Title: Bat Eater and Other Names for Cora Zeng
Author: Kylie Lee Baker
Cover Art: I couldn’t find the cover artist. If you know them, please let me know.
Publication Date: April 29, 2025
Publisher: Harlequin Audio
Genre: Fantasy, Horror, Literary
Pages: 304
Setting: New York City
Click Here for Content Warnings (may contain spoilers)

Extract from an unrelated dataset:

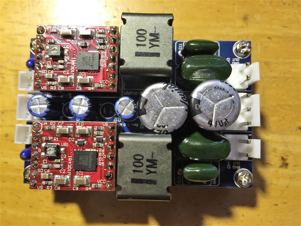 アンプ基板は煙草サイズで100W×2

Three Words That Describe This Book: grief, ghosts, gore
About The Author
“Kylie Lee Baker is the Sunday Times bestselling author of dark fantasy and horror novels such as The Keeper of Night, The Scarlet Alchemist, and Bat Eater and Other Names for Cora Zeng. She grew up in Boston and has since lived in Atlanta, Salamanca, and Seoul. Her writing is informed by her heritage (Japanese, Chinese, and Irish), as well as her experiences living abroad as both a student and teacher. She has a BA in creative writing and Spanish from Emory University and a MS in library and information science degree from Simmons University.”
https://www.kylieleebaker.com/about
My Review
โบ I absolutely LOVE the cover for Bat Eater and Other Names for Cora Zeng. The bat almost looks like it’s growing from the strange flowers. The mouth of the bath is slightly ajar, matching the word “eater” in the title. Somehow, the look on the bat’s face makes me feel sorry for it and worried for its safety. This is my first time reading Kylie Lee Baker’s work, and it certainly won’t be the last. This is her adult novel debut and horror debut. She has another adult horror book coming in 2026. On Goodreads, the title is listed as Japanese Gothic! I can’t wait to read that.
โบ Bat Eater is yet another book that shows horror is the perfect vehicle to tell the real-life atrocities, such as racism and hate crimes. The author has said she grew up reading a lot of horror, including Stephen King. Her first books were dark historical fantasy, and when some readers said they were scary, Baker decided to try writing with an intentional purpose to scare.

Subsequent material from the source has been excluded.